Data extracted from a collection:
=== Section Start ===

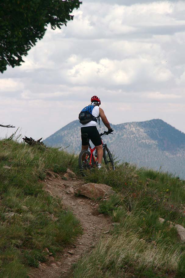 images/Trails/AZ06/AZ06-Flagstaff-1AUG06-24.jpgSoon the trail gets extremely picturesque as it chisels its way slightly downhill along an extremely steep mountainside with expansive views of Little Elden Mountain directly ahead and a large valley below.  The Sunset trail soon splits off to the left.  Do not take the Heart trail that splits off to the right, it will get you off the mountain but on the wrong side.   For the next .8 miles the Sunset gets really fast with some large round rock technical sections thrown in the mix that offer plenty of "Pick a line, any line" kinds of moments through the rocks.
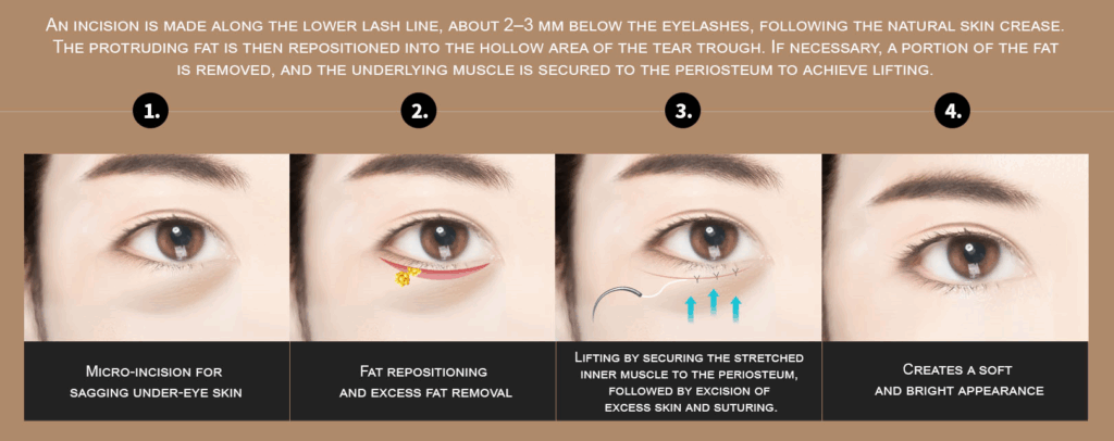With aging, the skin, muscles, and other tissues around the lower eyelids become thinner and lose elasticity, causing the under-eye fat to protrude. As a result, the underlying bony structure becomes more visible, and the tear trough appears sunken.
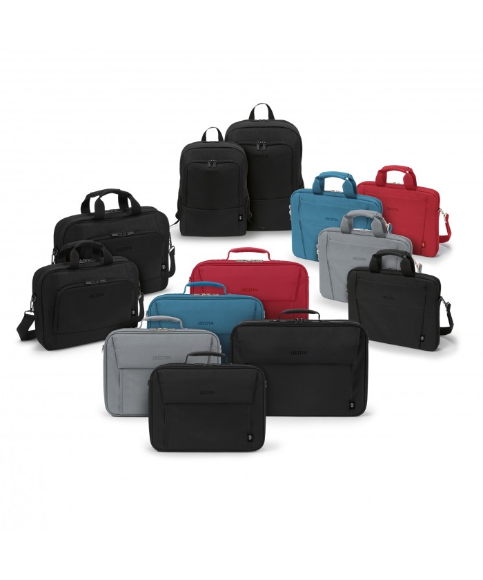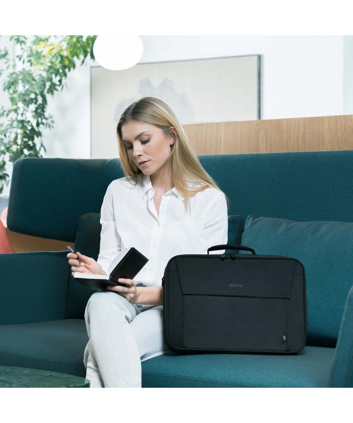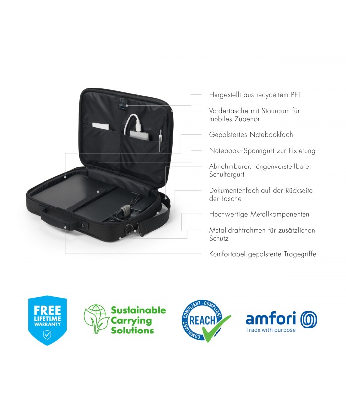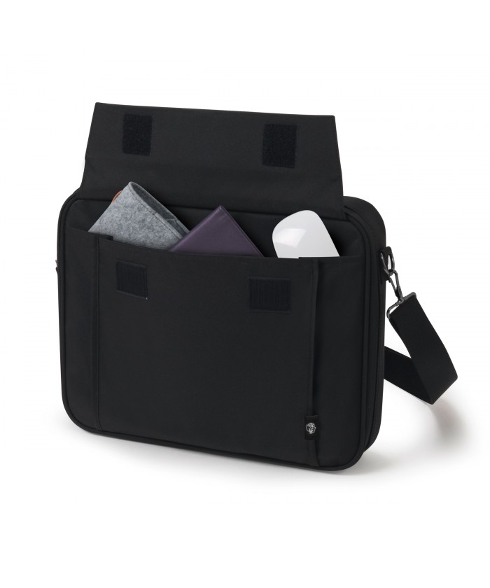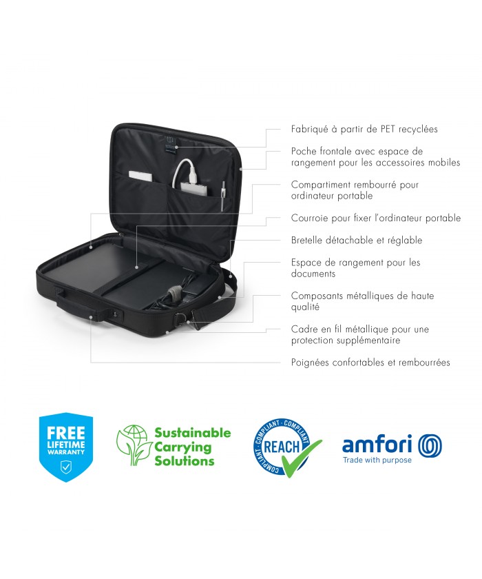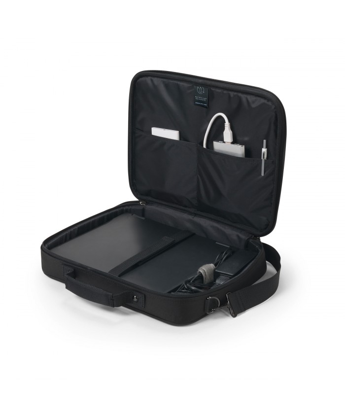 Le sac Clamshell Eco Multi BASE pratique protège votre ordinateur portable de manière optimale grâce à son compartiment rembourré. Les appareils à partir de 15-17.3" sont non seulement parfaitement sécurisés, mais aussi fixés par la sangle de serrage dans le compartiment. Une stabilité et une protection supplémentaires sont garanties par le cadre en fil métallique. Avec sa légèreté parmi les sacoches d'ordinateurs portables, l'Eco Multi Base garantit une mobilité flexible. Dans le compartiment avant pratique, vous trouverez suffisamment de place pour le smartphone ou d'autres accessoires mobiles tels que des câbles, des stylos ou des chargeurs qui doivent toujours être à portée de main. Le sac est confortable à porter, grâce aux poignées rembourrées en néoprène, et peut être attaché instantanément au chariot, grâce à une bande intégrée. En outre, le sac peut également être transporté grâce à la bretelle réglable.
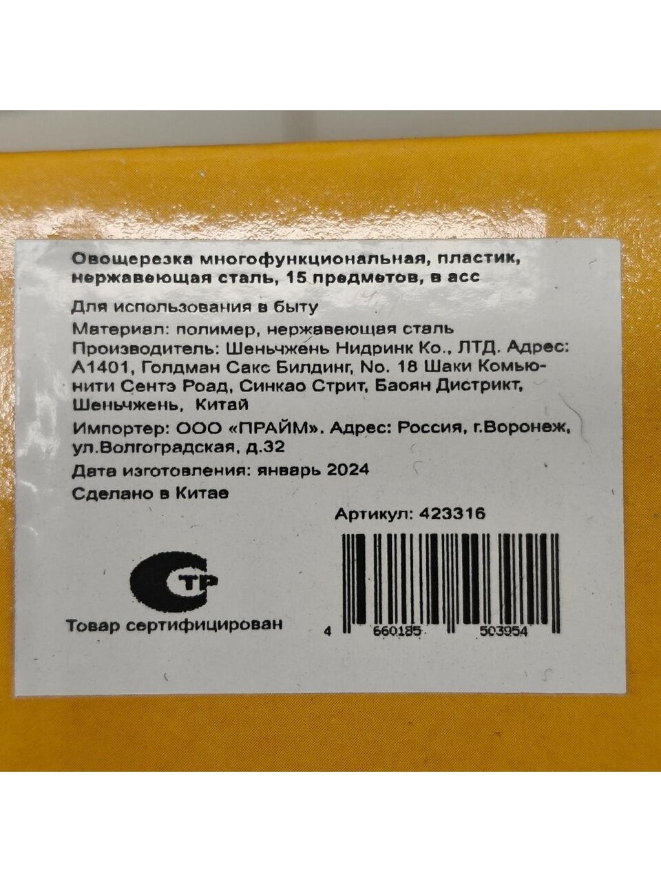 Вы можете приобрести «Овощерезка многофункциональная, пластик, нержавеющая сталь, 15 предметов, в ассортименте, Y4-6211» и другие товары в нашем интернет-магазине в Армавире по низким ценам и с бесплатным самовывозом.
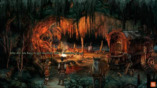 GARON主动上前对话,并且坦白了自己的目的和想法。(这里的对话如何选择都不影响后续剧情)。陌生女人介绍自己叫ISADA,是一名女巫,原本是打算参加A城堡王室庆典表演的。GARON得知后赶紧劝说CARON说现在城内一片混乱,对于女巫之类的魔法人士正在大肆屠杀。ISADA相信了GARON的话,但是表示自己的马车其中一个车轮已经损坏无法前行,只好在这里露营。GARON请求CARON用马车带着他们继续往北部前进,以求安全,并且答应修好车轮
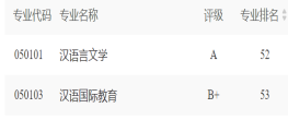 汉语言文学、广告学的“专业评级”均为A,全国排名分别为第52名、第31名,其中,汉语言文学全国324所高校上榜、广告学全国160所高校上榜。新闻学、汉语国际教育的“专业评级”为B+,全国排名分别为第54名、第53名,其中,新闻学全国168所高校上榜、汉语国际教育全国198所高校上榜。
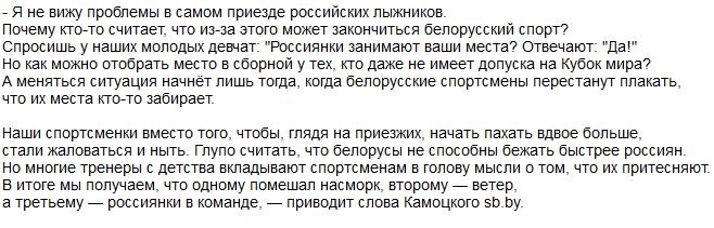 Главный тренер сборной Белоруссии Виктор Камоцкий заверил, что переезд лыжниц из России в Белоруссия не является проблемой для развития местных спортсменок.
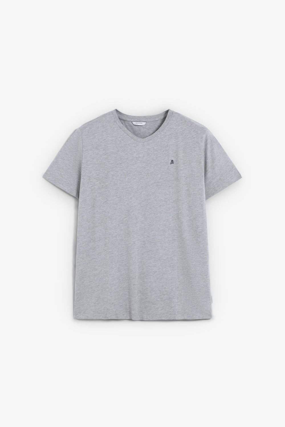Camiseta básica con calavera bordada. Confeccionada en 100% algodón BCI. Corte Regular Fit. Cuello en pico. Manga corta.
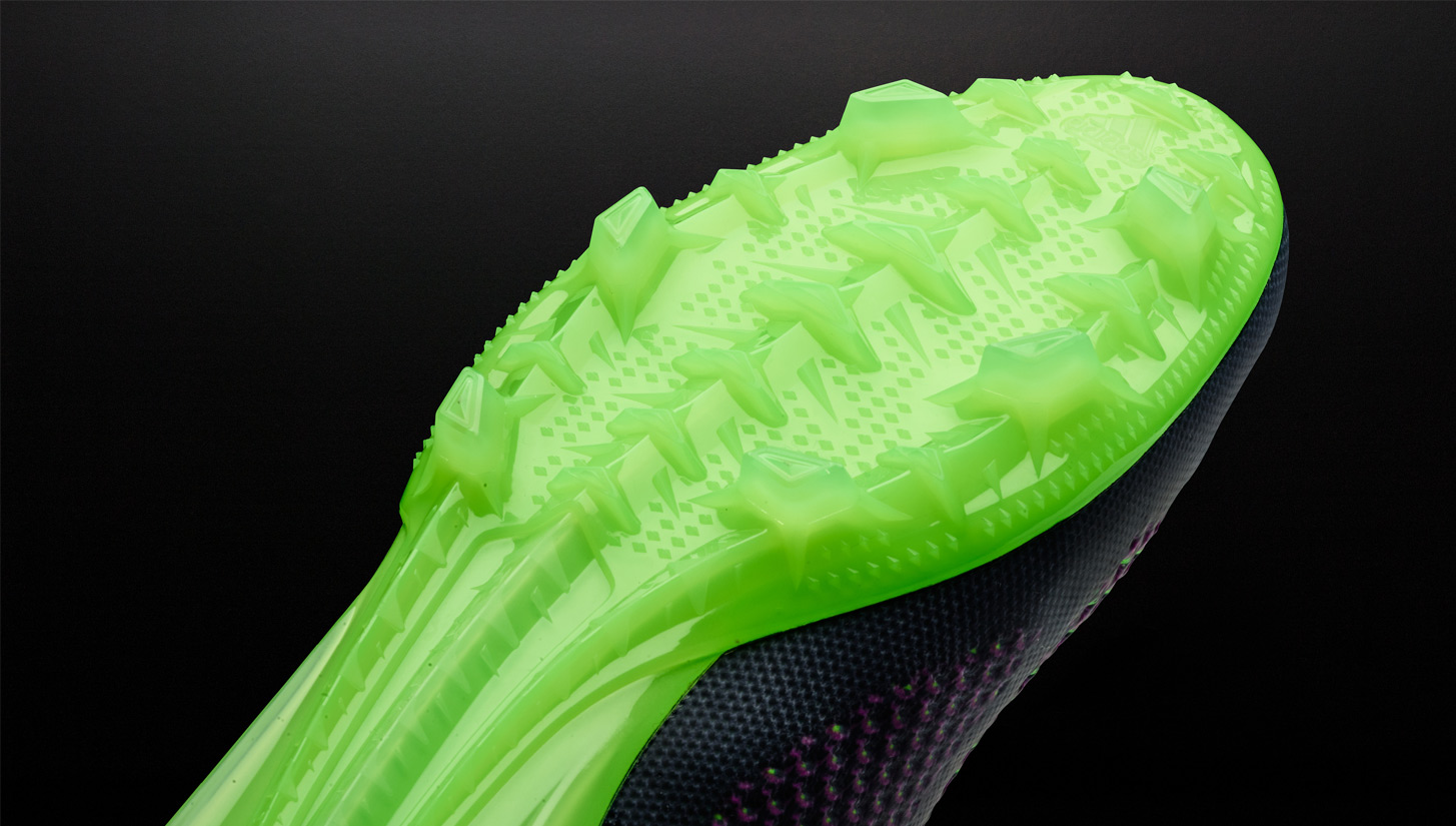 The forefoot contains a knit structure specifically designed to aid control. The control knit structure offers 3D texture that combines ultimate ball control with unrivalled manoeuvrability and traction by way of the f50 adizero outsole.
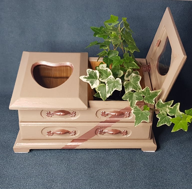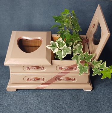 Un coffre à bijoux en bois avec 2 petites portes vitrées, poncé, peint en couleur "champignon" satiné et cuivré pour les rayures, les ferrures et les clous apparents, puis vernis. L'intérieur est tapissé de vinyle "imitation bois". J'ai ajouté des petits patins triangulaires sous le coffre pour éviter de rayer vos meubles.
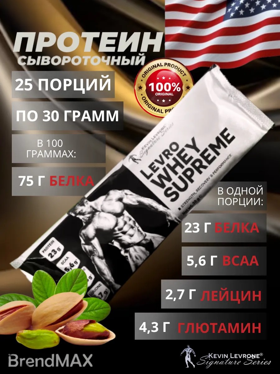 Pistachio-flavored protein. Only original products in our store! Levro Whey Supreme protein from the renowned brand Kevin Levrone is a premium sports nutrition product designed for active people striving to achieve optimal physical fitness.
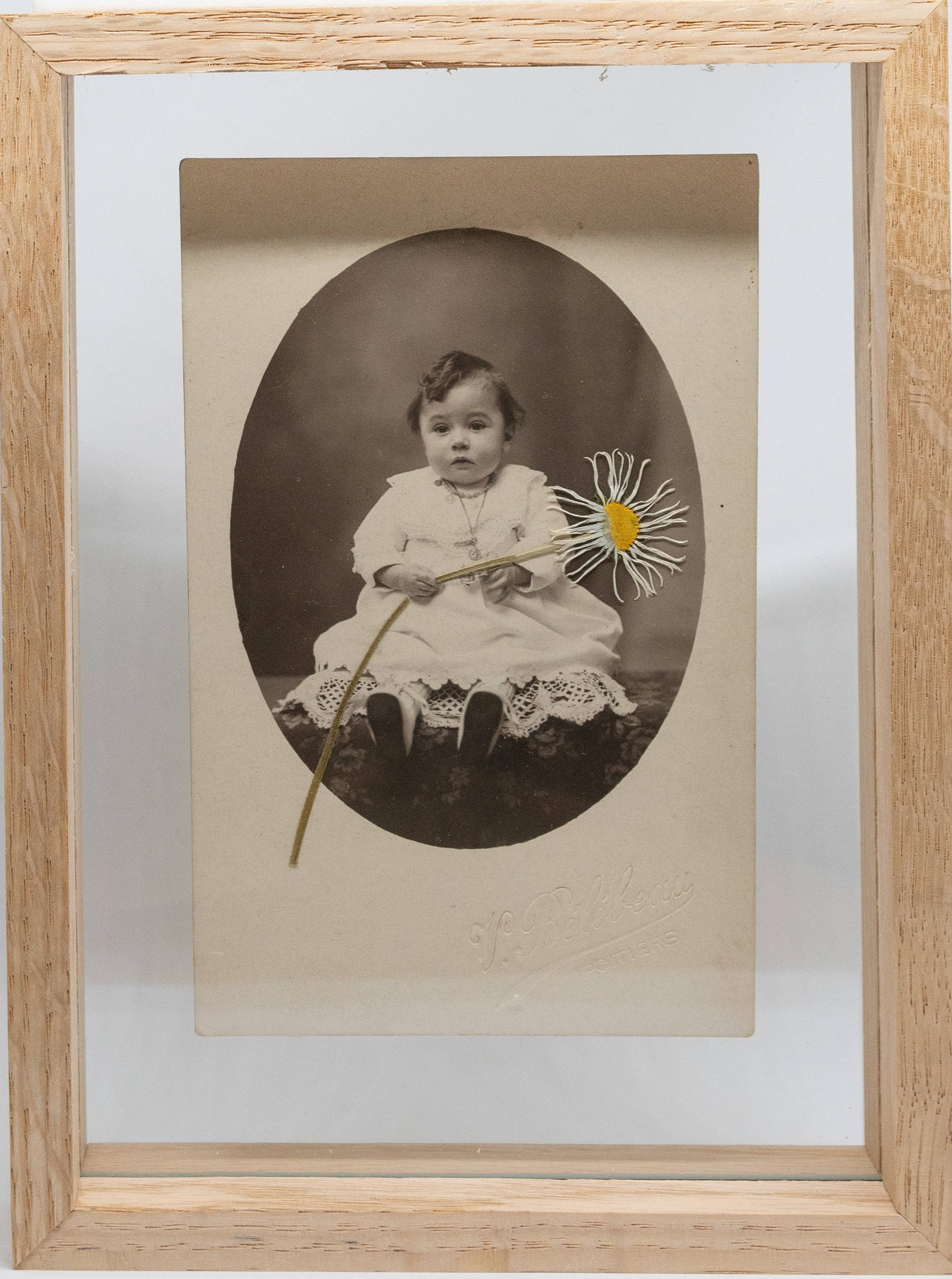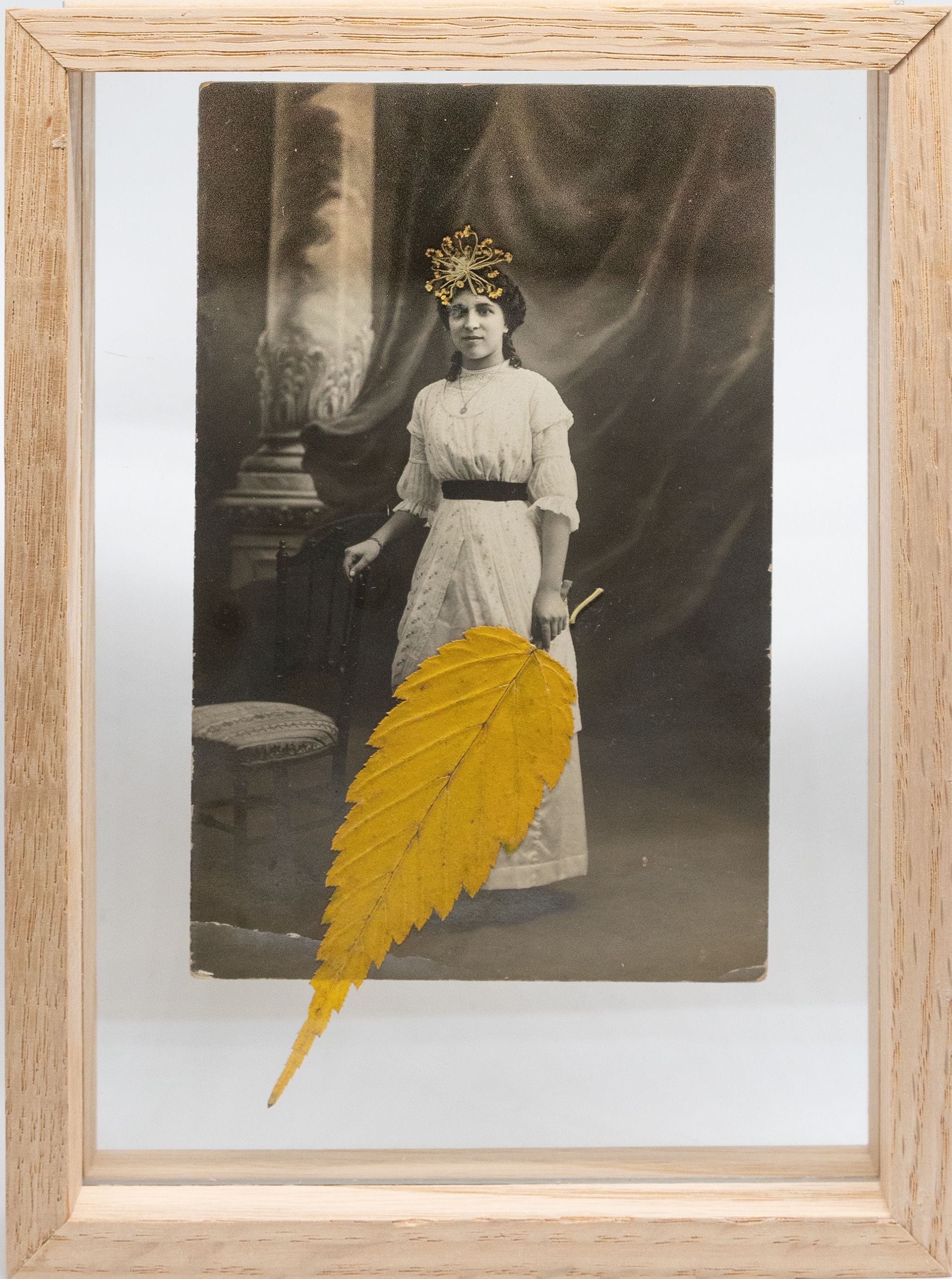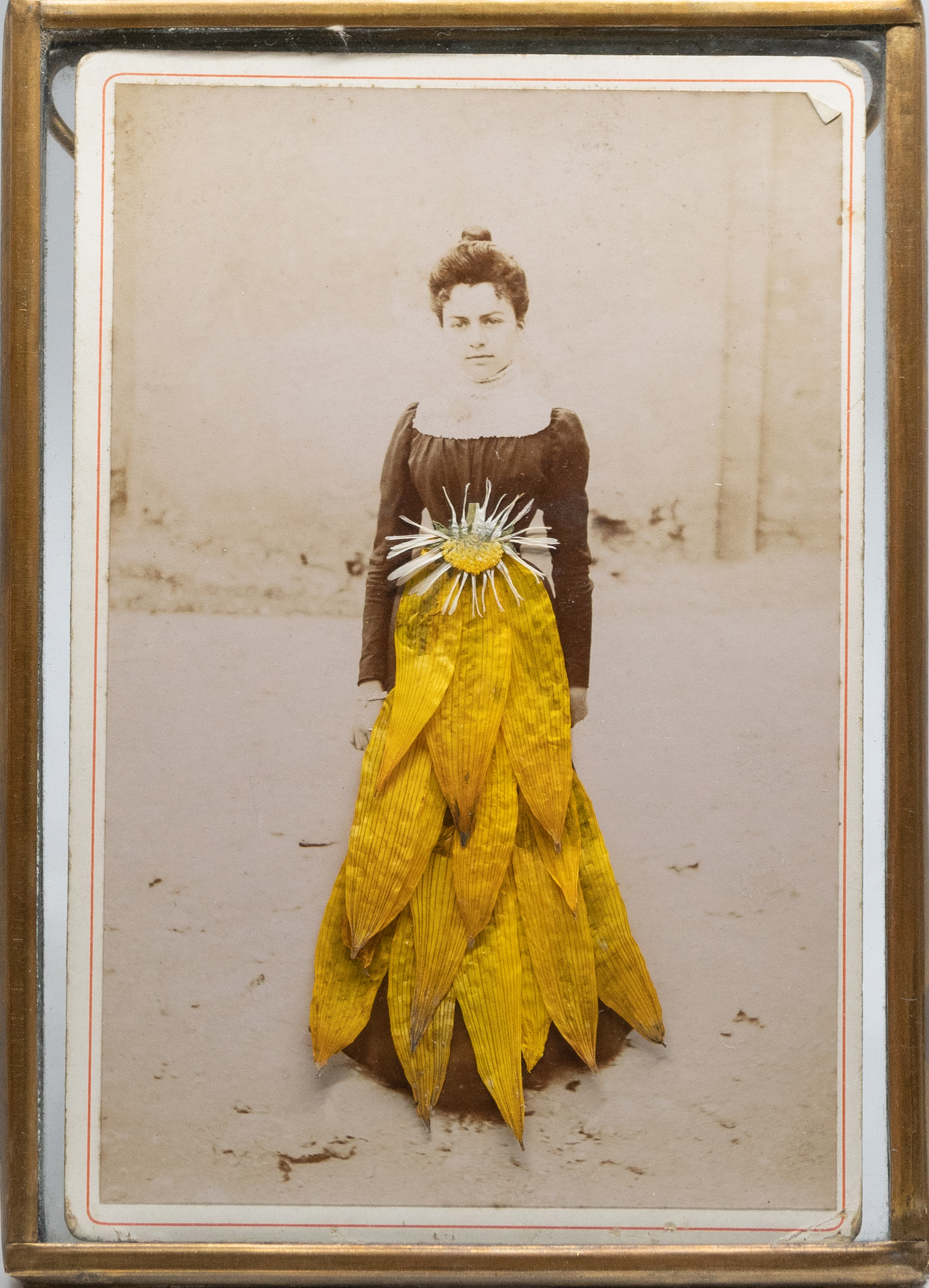 Série de collages. Collages d’herbes et fleurs séchées et pressées sur vieille photographies chinées ou photographies imprimées sur papier calque.
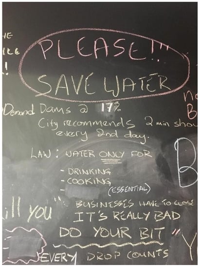 - York, G. Cape Town Residents become ‘Guinea Pigs for the World’ with Water-Conservation Campaign. The Globe and Mail. Available online: https://www.theglobeandmail.com/news/world/cape-town-residents-become-guinea-pigs-for-the-world-with-water-conservationcampaign/article38257004/ (accessed on 12 August 2020).
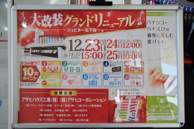 ではここで、『パーラージュピター石下店』がファンの声に真剣に耳を傾け、ファンの立場に立って大改装したグランドリニューアルポイントを再び説明。

=== Section End ===

> [Work to be completed]: Your copy should match every entry above exactly and contain no pictures.

> [Answer to this problem]:
 images/Trails/AZ06/AZ06-Flagstaff-1AUG06-24.jpgSoon the trail gets extremely picturesque as it chisels its way slightly downhill along an extremely steep mountainside with expansive views of Little Elden Mountain directly ahead and a large valley below.  The Sunset trail soon splits off to the left.  Do not take the Heart trail that splits off to the right, it will get you off the mountain but on the wrong side.   For the next .8 miles the Sunset gets really fast with some large round rock technical sections thrown in the mix that offer plenty of "Pick a line, any line" kinds of moments through the rocks.
With aging, the skin, muscles, and other tissues around the lower eyelids become thinner and lose elasticity, causing the under-eye fat to protrude. As a result, the underlying bony structure becomes more visible, and the tear trough appears sunken.
 Le sac Clamshell Eco Multi BASE pratique protège votre ordinateur portable de manière optimale grâce à son compartiment rembourré. Les appareils à partir de 15-17.3" sont non seulement parfaitement sécurisés, mais aussi fixés par la sangle de serrage dans le compartiment. Une stabilité et une protection supplémentaires sont garanties par le cadre en fil métallique. Avec sa légèreté parmi les sacoches d'ordinateurs portables, l'Eco Multi Base garantit une mobilité flexible. Dans le compartiment avant pratique, vous trouverez suffisamment de place pour le smartphone ou d'autres accessoires mobiles tels que des câbles, des stylos ou des chargeurs qui doivent toujours être à portée de main. Le sac est confortable à porter, grâce aux poignées rembourrées en néoprène, et peut être attaché instantanément au chariot, grâce à une bande intégrée. En outre, le sac peut également être transporté grâce à la bretelle réglable.
 Вы можете приобрести «Овощерезка многофункциональная, пластик, нержавеющая сталь, 15 предметов, в ассортименте, Y4-6211» и другие товары в нашем интернет-магазине в Армавире по низким ценам и с бесплатным самовывозом.
 GARON主动上前对话,并且坦白了自己的目的和想法。(这里的对话如何选择都不影响后续剧情)。陌生女人介绍自己叫ISADA,是一名女巫,原本是打算参加A城堡王室庆典表演的。GARON得知后赶紧劝说CARON说现在城内一片混乱,对于女巫之类的魔法人士正在大肆屠杀。ISADA相信了GARON的话,但是表示自己的马车其中一个车轮已经损坏无法前行,只好在这里露营。GARON请求CARON用马车带着他们继续往北部前进,以求安全,并且答应修好车轮
 汉语言文学、广告学的“专业评级”均为A,全国排名分别为第52名、第31名,其中,汉语言文学全国324所高校上榜、广告学全国160所高校上榜。新闻学、汉语国际教育的“专业评级”为B+,全国排名分别为第54名、第53名,其中,新闻学全国168所高校上榜、汉语国际教育全国198所高校上榜。
 Главный тренер сборной Белоруссии Виктор Камоцкий заверил, что переезд лыжниц из России в Белоруссия не является проблемой для развития местных спортсменок.
Camiseta básica con calavera bordada. Confeccionada en 100% algodón BCI. Corte Regular Fit. Cuello en pico. Manga corta.
 The forefoot contains a knit structure specifically designed to aid control. The control knit structure offers 3D texture that combines ultimate ball control with unrivalled manoeuvrability and traction by way of the f50 adizero outsole.
 Un coffre à bijoux en bois avec 2 petites portes vitrées, poncé, peint en couleur "champignon" satiné et cuivré pour les rayures, les ferrures et les clous apparents, puis vernis. L'intérieur est tapissé de vinyle "imitation bois". J'ai ajouté des petits patins triangulaires sous le coffre pour éviter de rayer vos meubles.
 Pistachio-flavored protein. Only original products in our store! Levro Whey Supreme protein from the renowned brand Kevin Levrone is a premium sports nutrition product designed for active people striving to achieve optimal physical fitness.
 Série de collages. Collages d’herbes et fleurs séchées et pressées sur vieille photographies chinées ou photographies imprimées sur papier calque.
 - York, G. Cape Town Residents become ‘Guinea Pigs for the World’ with Water-Conservation Campaign. The Globe and Mail. Available online: https://www.theglobeandmail.com/news/world/cape-town-residents-become-guinea-pigs-for-the-world-with-water-conservationcampaign/article38257004/ (accessed on 12 August 2020).
 ではここで、『パーラージュピター石下店』がファンの声に真剣に耳を傾け、ファンの立場に立って大改装したグランドリニューアルポイントを再び説明。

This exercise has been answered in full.